Criacionismo. Note-se, entretanto: a divina menção à carência masculina, e a mensagem
implícita de “lhe corresponda”. Além de a mulher surgir a partir do homem, também é criada
para servi-lo em sua solidão, a seu dispor como para suprir sua carência.
Por outro lado, no texto de Couto:

[...] No princípio, todos éramos mulheres. Os homens não haviam. E foi assim até
aparecer um grupo de mulheres que não sabia como parir. [...] (COUTO, 1990)

Nesta leitura, observamos a diferença na apresentação da necessidade da criação do


ser, em especial da mulher. Enquanto no Livro de Gênesis a mulher surge em condição de
demanda, necessidade de favorecer o homem, na lenda de Namorói, a mulher é quem
prevalecia na existência e dela, por um engano, surge o homem, como uma espécie de
anomalia da criação.

3.5 A VIDA

[...] 21 Então o Senhor Deus fez o homem cair em profundo sono e, enquanto este
dormia, tirou-lhe uma das costelas, fechando o lugar com carne. [...] (BÍBLIA,
2000)

[...] Uma mulher deu a luz. Os homens se espantaram: eles desconheciam o ato do
parto. A grávida foi atrás da casa, juntaram-se as outras mulheres e cortaram
acriança onde ela se confundia com a mãe. Decepado o cordão, o um se fez dois, o
sangue separando os corpos [...] (COUTO, 1990)

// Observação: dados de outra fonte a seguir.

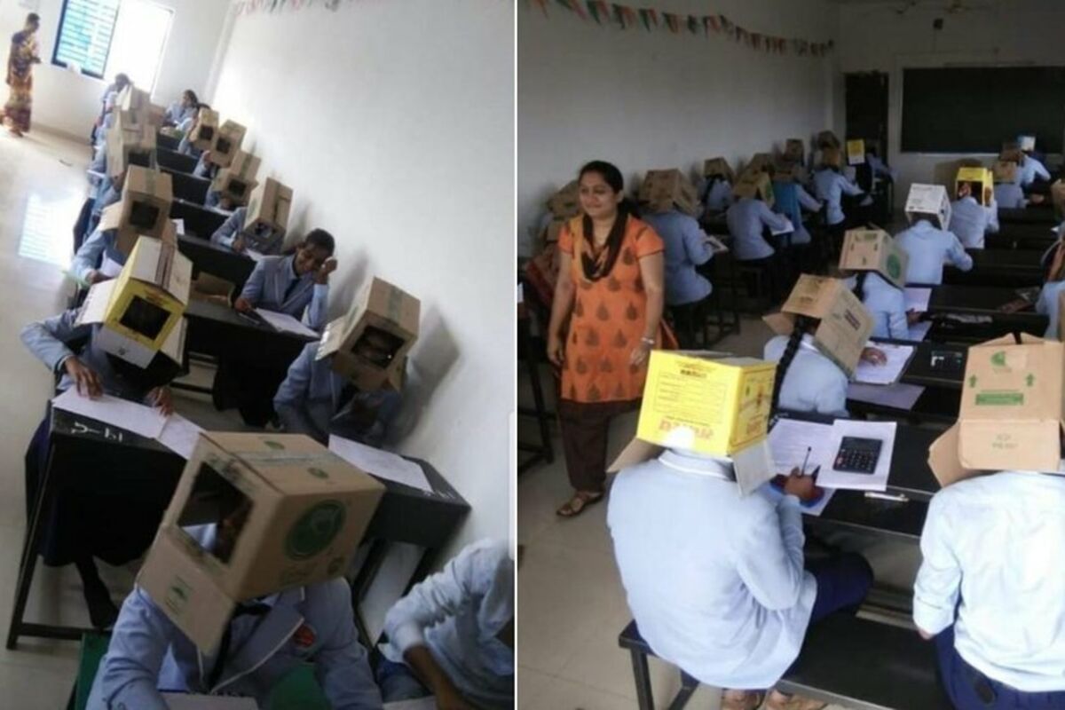 Studenti jednog indijskog koledža dobili su neobičan zadatak tokom testa iz hemije - da nose kartonske kutije na glavi- kako ne bi prepisivali.

As narrativas apresentam de forma distinta o nascer. Salienta-se a escrita de Mia


Couto no que diz respeito ao parto, como algo sagrado entre as mulheres, contrapondo-se ao
Livro de Gênesis.

4. CONSIDERAÇÕES FINAIS

O Brasil é um estado democrático, toda a manifestação religiosa deve ser respeitada.


Os cristãos compõem, inquestionavelmente, a maioria dos brasileiros. Entretanto, grande
parte dessa maioria desconhece profundamente a “Bíblia Sagrada”, texto que fundamenta sua
fé. Isso permite que interpretações equivocadas, reproduzidas há longo tempo, tornem-se cada
vez mais sólidas. E ainda grande parte dessa maioria se fecha ao debate sobre o feminismo.
Um grande erro, como visto, reside no entendimento machista de que a mulher tem que
acomodar-se a um segundo lugar, - a mulher é a “costela”- obedecendo cegamente ao marido
e restringindo sua opinião à vida doméstica (o papel de servir à figura masculina); aceitando
que a última palavra pertence ao homem.
Contudo, numa percepção de que o mito da criação não se manifesta apenas em uma
cultura e, através de uma comparação com o resgate de outras culturas, como a de povos
africanos, através da literatura, podemos perceber que há em outros povos um mito de criação
que apresenta a figura feminina como dominante.
Sendo assim, devemos ter em conta quanto estudiosos e investigadores das figuras
construídas nos diversos textos o aspecto simbólico que, mesmo textos considerados sagrados
por algumas culturas e religiões, podem ter. O presente trabalho, portanto, apresenta-se como
uma forma de instigar esse pensamento num âmbito científico de análise.

REFERÊNCIAS BIBLIOGRÁFICAS

BEAUVOIR, Simone de. O segundo sexo. São Paulo: Difusão Europeia do Livro, 1970.

BÍBLIA. Português. Bíblia Sagrada. Nova Versão Pastoral. São Paulo: Bíblica Brasil, 2000.

CARVALHAL, Tânia Franco. Literatura Comparada. São Paulo: Editora Ática, 4ª edição
revista e ampliada, 2006.

COUTINHO, Eduardo. Literatura Comparada: reflexões. São Paulo: Annablume, 2013.

COUTO, Mia. Estórias abençonhadas. Lisboa: Editorial Caminho, 1990.